The following is the definition of professional services from the 11-08 Travelers Accounting policy.  This is a fairly typical definition for professional services.  Clearly the accountant is acting outside of the scope of what the policy states are Professional Services.

“Professional Services means only services in the practice of accounting, and pro-bono services in the practice of accounting, provided that such pro-bono services are performed with the knowledge and consent of the Named Insured.

 

Professional Services includes services in any of the following capacities:

1.             Accountant or accounting consultant.

2.             Investment Adviser.

3.             Bookkeeper, enrolled agent or tax preparer.

4.             Personal Fiduciary

5.             Notary public, provided that the Insured Person witnessed and attested to the authenticity of the signature notarized by such Insured Person.

6.             Member of a formal accreditation, standards review or similar professional board or committee related only to the accounting profession.
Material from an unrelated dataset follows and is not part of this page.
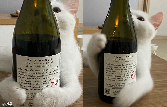 [민주 씨 : 보통 밥 먹을 땐 상 위로 못 올라오게 하는데 이날은 안 돼 정도만 하고 그냥 뒀어요. 그랬더니 와인병을 꼭 끌어안고 있더라고요. 너무 귀여워서 사진을 여러 장 찍었답니다.]

7.             Arbitrator or mediator.”

 

 

One of the issues with malpractice insurance is that even though this claim will likely be denied reporting it to the carrier could cause the firm’s rates to rise in the future.  The firm will also need to disclose as a ‘reported’ claim on any new business application that the firm would complete in the near future.  Normally even though the claim is close for zero dollars, the firm will have to provide loss runs and an explanation of the claim for the next 3 to 5 years on any competitor application that the firm may complete.  Many malpractice carriers will likely not give this firm its ‘best’ or most competitive premium because this claim was reported.

The conundrum for the firm is that if it is truly a malpractice claim then the firm needs to report it to protect its rights under the policy.